Shape of X_train data: (105216, 17)


In [4]:
anomalous_data_fn = os.path.join(data_path, 'anomalous_data_y_2022_reduced.h5')
df_x_test = pd.read_hdf(anomalous_data_fn, key='df')
print('Shape of X_test: {}'.format(df_x_test.shape))

Shape of X_test: (35040, 18)


In [5]:
drifted_data_fn = os.path.join(data_path, 'drifted_data_y_2023_reduced_more_cos_phi.h5')
df_x_drifted = pd.read_hdf(drifted_data_fn, key='df')
print('Shape of X_drifted: {}'.format(df_x_drifted.shape))

Shape of X_drifted: (35040, 18)


In [6]:
anomalous_drifted_data_fn = os.path.join(data_path, 'anomalous_drifted_data_y_2023_reduced_more_cos_phi.h5')
df_x_anormal_drifted = pd.read_hdf(anomalous_drifted_data_fn, key='df')
print('Shape of X_anomal,drifted : {}'.format(df_x_anormal_drifted.shape))

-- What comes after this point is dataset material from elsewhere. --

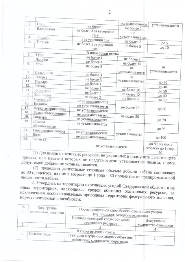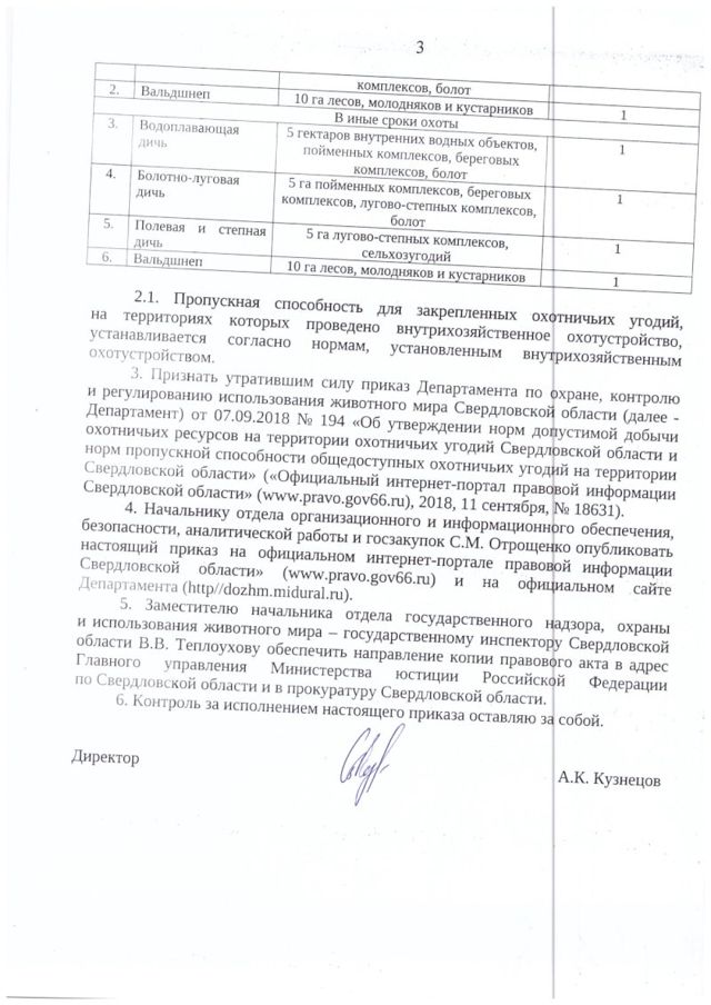 Директор департамента по охране, контролю и регулированию использования животного мира Свердловской области подписал приказ, устанавливающий нормы допустимой добычи охотничьих ресурсов. Приказ опубликован на сайте департамента.

Shape of X_anomal,drifted : (35040, 19)


#### Split labels

In [7]:
y_anormal = [1 if x > 0 else 0 for x in df_x_test['label']]
df_x_test.drop('label', inplace=True, axis=1)

In [8]:
s_x_drifted_drift_labels = df_x_drifted['drift_labels']
df_x_drifted.drop('drift_labels',axis=1, inplace=True)
print('Shape of X_drifted : {}'.format(df_x_drifted.shape))

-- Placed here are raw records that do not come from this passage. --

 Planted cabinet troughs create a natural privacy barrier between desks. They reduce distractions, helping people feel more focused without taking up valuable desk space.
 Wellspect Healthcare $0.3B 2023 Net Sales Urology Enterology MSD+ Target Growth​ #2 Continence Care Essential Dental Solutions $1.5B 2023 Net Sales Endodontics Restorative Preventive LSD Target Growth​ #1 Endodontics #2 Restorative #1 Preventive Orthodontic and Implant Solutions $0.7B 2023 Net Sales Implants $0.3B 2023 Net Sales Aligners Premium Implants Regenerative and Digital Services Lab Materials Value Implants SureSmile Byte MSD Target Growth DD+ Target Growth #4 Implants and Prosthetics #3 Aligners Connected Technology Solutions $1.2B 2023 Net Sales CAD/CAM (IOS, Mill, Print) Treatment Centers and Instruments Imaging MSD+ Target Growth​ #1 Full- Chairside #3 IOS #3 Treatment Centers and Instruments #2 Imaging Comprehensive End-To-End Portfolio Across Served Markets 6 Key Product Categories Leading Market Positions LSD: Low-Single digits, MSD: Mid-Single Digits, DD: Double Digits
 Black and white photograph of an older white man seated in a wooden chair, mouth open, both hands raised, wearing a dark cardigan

Shape of X_drifted : (35040, 17)


In [9]:
y_anormal_drifted = [1 if x > 0 else 0 for x in df_x_anormal_drifted['anomaly_labels']]
df_x_anormal_drifted.drop(['anomaly_labels', 'drift_labels'], inplace=True, axis=1)
print('Shape of X_anomal,drifted : {}'.format(df_x_anormal_drifted.shape))

Shape of X_anomal,drifted : (35040, 17)


#### Scale data

In [10]:
print('Scale data..')
scaler_train = MinMaxScaler((-1,1))
scaler_train = scaler_train.fit(df_data_train)
scaled_train = scaler_train.transform(df_data_train.to_numpy())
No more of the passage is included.